- About this task -
A faithful copy is required. Print each line of the data exactly and omit the pictures.

- Data for the task -
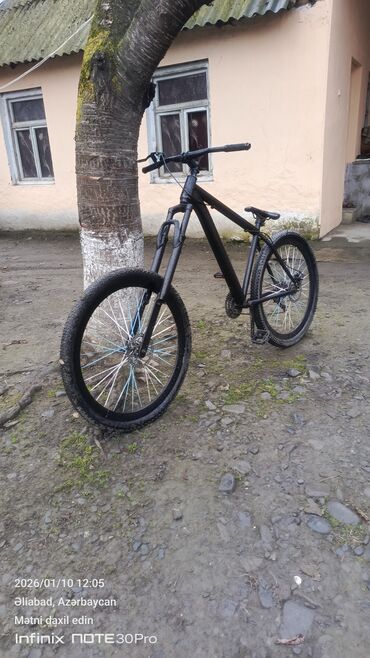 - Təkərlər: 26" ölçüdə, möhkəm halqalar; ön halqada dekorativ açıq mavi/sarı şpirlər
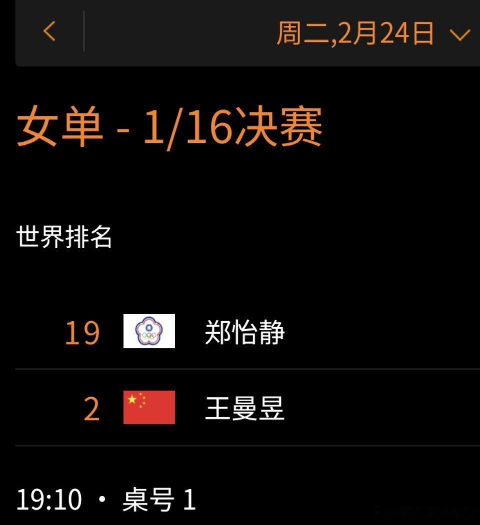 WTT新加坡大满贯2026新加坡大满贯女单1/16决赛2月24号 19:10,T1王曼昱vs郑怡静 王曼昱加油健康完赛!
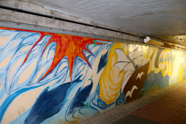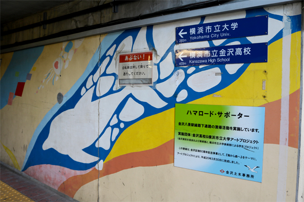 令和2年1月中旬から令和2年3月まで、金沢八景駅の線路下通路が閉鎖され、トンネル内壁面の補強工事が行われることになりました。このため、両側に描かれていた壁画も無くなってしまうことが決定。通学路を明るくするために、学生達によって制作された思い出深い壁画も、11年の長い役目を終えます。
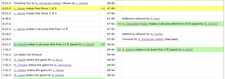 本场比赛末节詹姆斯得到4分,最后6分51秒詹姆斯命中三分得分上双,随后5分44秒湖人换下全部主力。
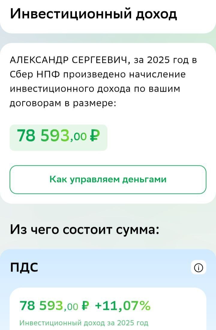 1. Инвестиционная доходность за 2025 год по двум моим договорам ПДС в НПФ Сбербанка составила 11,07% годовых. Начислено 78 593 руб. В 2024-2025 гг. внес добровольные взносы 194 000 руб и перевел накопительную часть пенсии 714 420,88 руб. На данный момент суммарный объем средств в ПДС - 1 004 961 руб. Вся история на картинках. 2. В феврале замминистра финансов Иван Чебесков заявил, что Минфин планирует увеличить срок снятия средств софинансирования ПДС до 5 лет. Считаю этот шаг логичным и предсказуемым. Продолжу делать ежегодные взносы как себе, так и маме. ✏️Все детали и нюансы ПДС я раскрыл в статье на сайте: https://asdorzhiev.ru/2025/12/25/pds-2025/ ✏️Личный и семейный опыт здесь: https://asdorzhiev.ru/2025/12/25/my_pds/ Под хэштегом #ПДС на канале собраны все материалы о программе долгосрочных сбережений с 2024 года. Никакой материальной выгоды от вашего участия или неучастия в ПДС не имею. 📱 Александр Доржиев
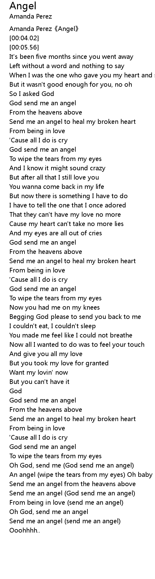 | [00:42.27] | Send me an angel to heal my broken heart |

- Exercise solution -
 - Təkərlər: 26" ölçüdə, möhkəm halqalar; ön halqada dekorativ açıq mavi/sarı şpirlər
 WTT新加坡大满贯2026新加坡大满贯女单1/16决赛2月24号 19:10,T1王曼昱vs郑怡静 王曼昱加油健康完赛!
 令和2年1月中旬から令和2年3月まで、金沢八景駅の線路下通路が閉鎖され、トンネル内壁面の補強工事が行われることになりました。このため、両側に描かれていた壁画も無くなってしまうことが決定。通学路を明るくするために、学生達によって制作された思い出深い壁画も、11年の長い役目を終えます。
 本场比赛末节詹姆斯得到4分,最后6分51秒詹姆斯命中三分得分上双,随后5分44秒湖人换下全部主力。
 1. Инвестиционная доходность за 2025 год по двум моим договорам ПДС в НПФ Сбербанка составила 11,07% годовых. Начислено 78 593 руб. В 2024-2025 гг. внес добровольные взносы 194 000 руб и перевел накопительную часть пенсии 714 420,88 руб. На данный момент суммарный объем средств в ПДС - 1 004 961 руб. Вся история на картинках. 2. В феврале замминистра финансов Иван Чебесков заявил, что Минфин планирует увеличить срок снятия средств софинансирования ПДС до 5 лет. Считаю этот шаг логичным и предсказуемым. Продолжу делать ежегодные взносы как себе, так и маме. ✏️Все детали и нюансы ПДС я раскрыл в статье на сайте: https://asdorzhiev.ru/2025/12/25/pds-2025/ ✏️Личный и семейный опыт здесь: https://asdorzhiev.ru/2025/12/25/my_pds/ Под хэштегом #ПДС на канале собраны все материалы о программе долгосрочных сбережений с 2024 года. Никакой материальной выгоды от вашего участия или неучастия в ПДС не имею. 📱 Александр Доржиев
 | [00:42.27] | Send me an angel to heal my broken heart |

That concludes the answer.